■ **Prompt**: Nothing but the images should be left out when the entries are restated word for word.

■ **Dataset extract**:
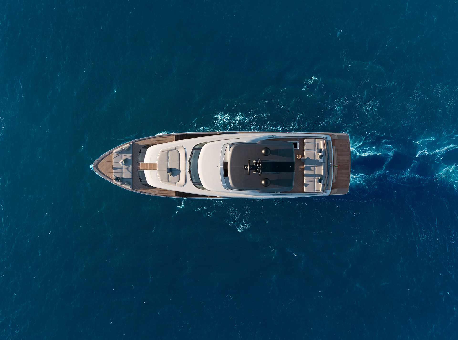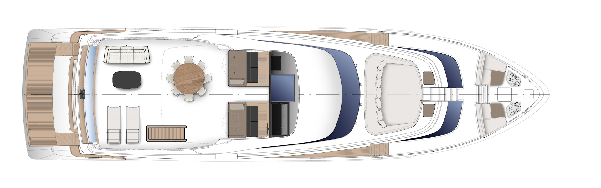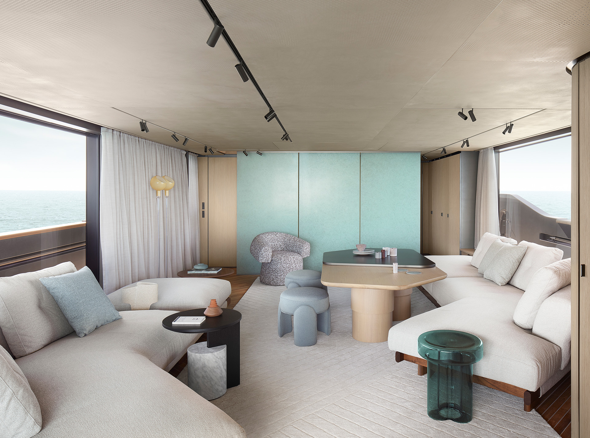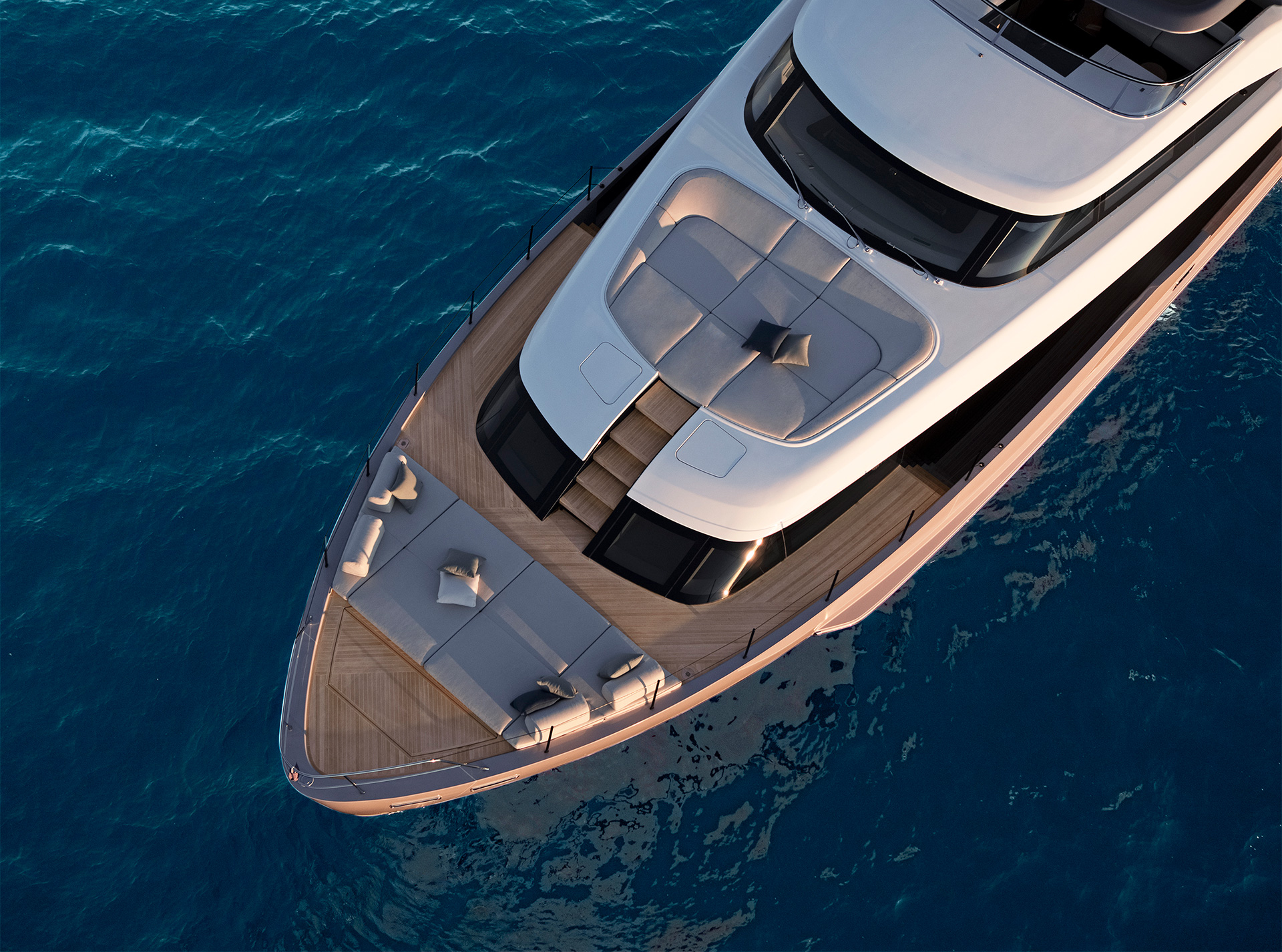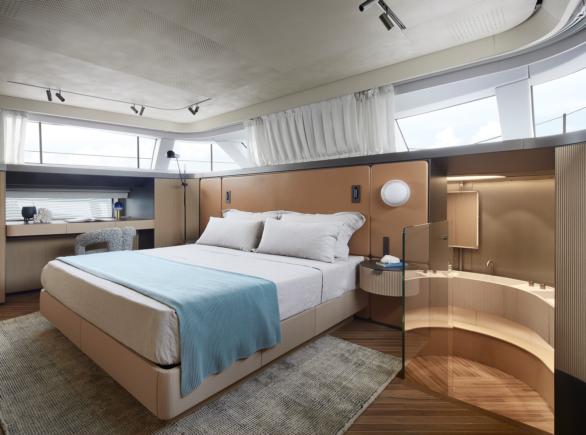 Gli interni creano un'atmosfera calma e tranquilla, unendo spazi comuni e privati attraverso grandi vetrate e passaggine ben studiati. Materiali raffinati e layouts su misura, ampliano il comfort, la chiarezza degli spazi e la naturale fluidità tra la vita esterna e interna in mare.
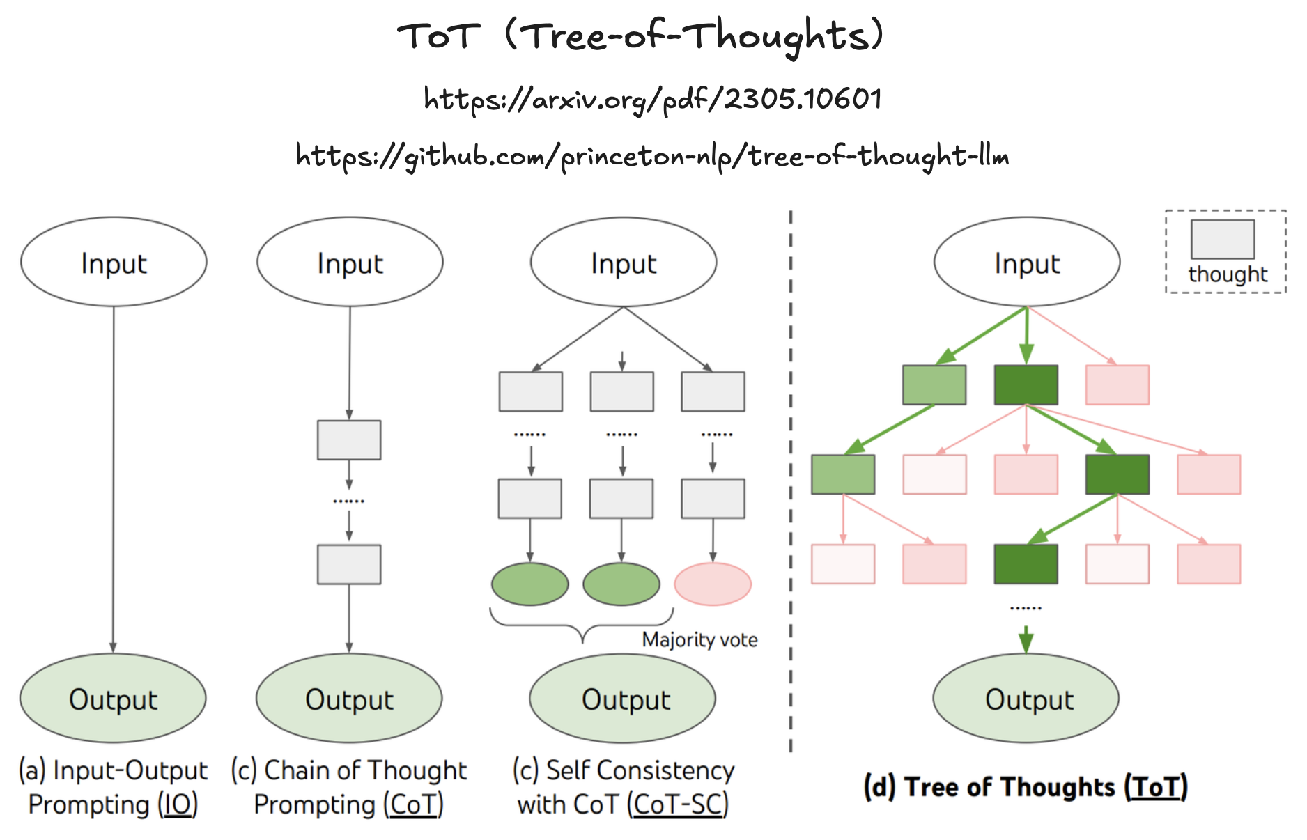 - ToT: 让模型同时“想”多种可能性,像树一样探索不同路径,并能评估和回溯。
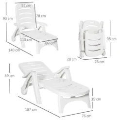 Outsunny Reclining Sun Lounger – White – 84B-687
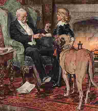 Figure 1.--This color C.E. Brock plate shows Cedric in a blue velvet suit when he firsrt met the Earl, his grandfather. |
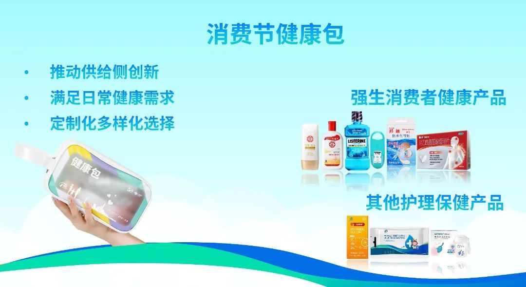 针对消费者的日常健康需求,打造定制化“健康包”,为大家带来李施德林、大宝、泰诺、美林、艾舒和邦廸等知名品牌,并结合日常消毒、护理和保健用品,通过供给侧创新,为消费者带来多样化的健康产品选择。
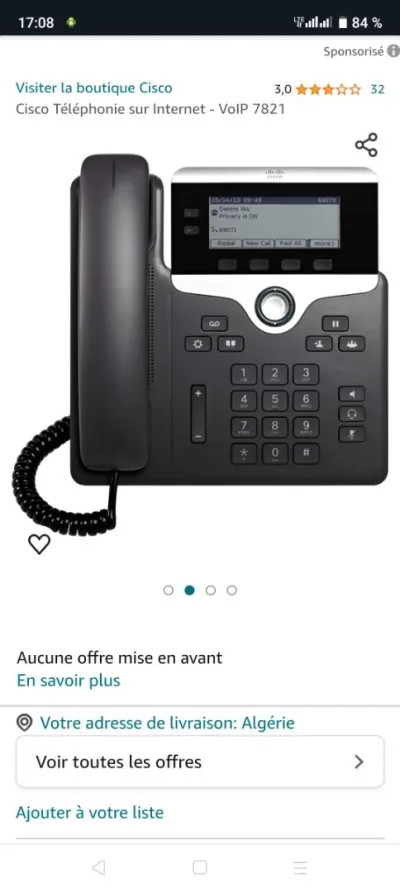 IP Phone CISCO CP-7821-K9 Pour une administration simple et économique Produits sous emballage 26 milles dinars

■ **Response area**:
 Gli interni creano un'atmosfera calma e tranquilla, unendo spazi comuni e privati attraverso grandi vetrate e passaggine ben studiati. Materiali raffinati e layouts su misura, ampliano il comfort, la chiarezza degli spazi e la naturale fluidità tra la vita esterna e interna in mare.
 - ToT: 让模型同时“想”多种可能性,像树一样探索不同路径,并能评估和回溯。
 Outsunny Reclining Sun Lounger – White – 84B-687
 Figure 1.--This color C.E. Brock plate shows Cedric in a blue velvet suit when he firsrt met the Earl, his grandfather. |
 针对消费者的日常健康需求,打造定制化“健康包”,为大家带来李施德林、大宝、泰诺、美林、艾舒和邦廸等知名品牌,并结合日常消毒、护理和保健用品,通过供给侧创新,为消费者带来多样化的健康产品选择。
 IP Phone CISCO CP-7821-K9 Pour une administration simple et économique Produits sous emballage 26 milles dinars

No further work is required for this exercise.